SAM 2
Last reviewed
May 20, 2026
Sources
No citations yet
Review status
Needs citations
Revision
v1 · 4,310 words
Improve this article
Add missing citations, update stale details, or suggest a clearer explanation.
Last reviewed
May 20, 2026
Sources
No citations yet
Review status
Needs citations
Revision
v1 · 4,310 words
Add missing citations, update stale details, or suggest a clearer explanation.
SAM 2 (Segment Anything Model 2) is a promptable visual segmentation model for both images and video developed by Meta AI and released on 29 July 2024.[^1] It extends the original Segment Anything Model (SAM) by introducing a streaming memory module that propagates user prompts and predicted masks across video frames, allowing a single model to handle still-image segmentation and video object segmentation in a unified framework.[^2] The model was trained on a newly collected dataset, SA-V (Segment Anything Video), comprising roughly 51,000 videos and approximately 643,000 spatio-temporal mask annotations (masklets).[^3] Meta released the weights, training code, and dataset under permissive licenses (Apache 2.0 for code and checkpoints, CC BY 4.0 for SA-V), and the system has since been adopted as a building block in research and industrial pipelines for video annotation, medical imaging, and other downstream tasks.[^4][^5]
| Field | Value |
|---|---|
| Developer | Meta AI (FAIR) |
| Initial release | 29 July 2024 (SAM 2)[^1] |
| Latest version | SAM 2.1 (30 September 2024)[^6] |
| Paper | Ravi et al., "SAM 2: Segment Anything in Images and Videos," arXiv:2408.00714[^7] |
| Code license | Apache 2.0[^5] |
| Dataset license | CC BY 4.0 (SA-V)[^8] |
| Model sizes | Tiny (38.9M), Small (46M), Base+ (80.8M), Large (224.4M) parameters[^9] |
| Image backbone | Hiera (MAE-pretrained hierarchical ViT)[^10] |
| Dataset | SA-V: ~51K videos, ~643K masklets[^3] |
| Tasks | Promptable image segmentation, semi-supervised and interactive video object segmentation |
The first Segment Anything Model was released by Meta AI in April 2023, framing segmentation as a promptable task in which a user supplies points, boxes, or coarse masks and the model returns one or more valid object masks.[^11] SAM was trained on SA-1B, a dataset of more than one billion masks collected from eleven million images. While SAM established strong zero-shot generalization across images, it operated on static images only. Researchers and practitioners who wanted to apply SAM to video typically combined it with separate trackers such as XMem or Cutie, an approach that often resulted in error accumulation when an object went occluded or re-emerged later in a clip.[^7]

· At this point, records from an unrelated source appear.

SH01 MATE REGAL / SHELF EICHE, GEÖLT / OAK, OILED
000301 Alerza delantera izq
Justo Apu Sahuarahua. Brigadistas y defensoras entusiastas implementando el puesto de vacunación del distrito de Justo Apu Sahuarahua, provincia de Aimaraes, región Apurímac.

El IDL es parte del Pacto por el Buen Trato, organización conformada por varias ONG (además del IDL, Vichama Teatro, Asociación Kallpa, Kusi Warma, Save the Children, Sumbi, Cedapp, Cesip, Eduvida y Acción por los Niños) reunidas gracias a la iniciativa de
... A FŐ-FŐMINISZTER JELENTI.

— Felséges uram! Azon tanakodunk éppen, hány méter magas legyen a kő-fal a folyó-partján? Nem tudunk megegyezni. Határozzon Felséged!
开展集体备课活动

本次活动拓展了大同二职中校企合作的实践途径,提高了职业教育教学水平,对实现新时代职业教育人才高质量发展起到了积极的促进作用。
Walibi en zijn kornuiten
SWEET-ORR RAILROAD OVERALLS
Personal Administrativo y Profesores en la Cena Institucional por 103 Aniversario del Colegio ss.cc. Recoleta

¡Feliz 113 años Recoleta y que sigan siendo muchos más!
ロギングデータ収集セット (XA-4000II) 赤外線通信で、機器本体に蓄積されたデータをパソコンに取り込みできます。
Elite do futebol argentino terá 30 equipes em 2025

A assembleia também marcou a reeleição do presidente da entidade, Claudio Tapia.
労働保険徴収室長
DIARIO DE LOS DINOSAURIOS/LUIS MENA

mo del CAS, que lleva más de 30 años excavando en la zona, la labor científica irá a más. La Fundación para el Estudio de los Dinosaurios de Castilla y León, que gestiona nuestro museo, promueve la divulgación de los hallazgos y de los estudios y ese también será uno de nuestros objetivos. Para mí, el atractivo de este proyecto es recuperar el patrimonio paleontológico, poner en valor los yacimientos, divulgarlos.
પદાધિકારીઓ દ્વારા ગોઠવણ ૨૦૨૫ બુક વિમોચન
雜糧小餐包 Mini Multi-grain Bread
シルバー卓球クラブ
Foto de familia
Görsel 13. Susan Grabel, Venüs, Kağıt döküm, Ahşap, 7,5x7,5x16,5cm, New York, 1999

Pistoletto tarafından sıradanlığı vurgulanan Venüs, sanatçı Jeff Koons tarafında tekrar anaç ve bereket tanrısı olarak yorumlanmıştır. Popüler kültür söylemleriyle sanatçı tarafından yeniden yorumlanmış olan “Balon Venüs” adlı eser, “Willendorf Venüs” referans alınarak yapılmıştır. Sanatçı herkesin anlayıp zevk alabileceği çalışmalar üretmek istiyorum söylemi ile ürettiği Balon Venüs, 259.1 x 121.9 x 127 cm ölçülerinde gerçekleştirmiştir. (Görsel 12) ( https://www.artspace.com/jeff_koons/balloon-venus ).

SAM 2 was framed by its authors as a generalization of SAM to the temporal domain. Instead of treating video segmentation as a downstream coupling of an image segmenter and a tracker, SAM 2 unifies the task by adding a streaming memory module so that prompts and masks given on any frame influence predictions on subsequent frames.[^7] The authors describe the resulting capability as "promptable visual segmentation" (PVS), where a user provides a small number of clicks, boxes, or mask prompts on any subset of frames in a video, and the model returns a complete spatio-temporal mask (a "masklet") covering all frames.[^7]
The model and the SA-V dataset were announced on 29 July 2024 in a Meta AI research blog post and a companion arXiv preprint.[^1][^7] The paper lists Nikhila Ravi as first author, with contributions from Valentin Gabeur, Yuan-Ting Hu, Ronghang Hu, Chaitanya Ryali, Tengyu Ma, Haitham Khedr, Roman Rädle, Chloe Rolland, Laura Gustafson, Eric Mintun, Junting Pan, Kalyan Vasudev Alwala, Nicolas Carion, Chao-Yuan Wu, Ross Girshick, Piotr Dollár, and Christoph Feichtenhofer.[^7] Several of these authors had previously co-authored the original SAM paper and broader computer vision work at Meta, including Hiera and Masked Autoencoders.
The initial release on the Meta AI blog included the paper, four pretrained checkpoints, a web demo, training and inference code on GitHub, and the SA-V dataset.[^1][^5] A revised release labeled SAM 2.1 followed on 30 September 2024 with updated checkpoints and the first public release of the training code.[^6] In February 2025, Meta and Amazon announced that SAM 2.1 was available as a managed model in Amazon SageMaker JumpStart.[^12]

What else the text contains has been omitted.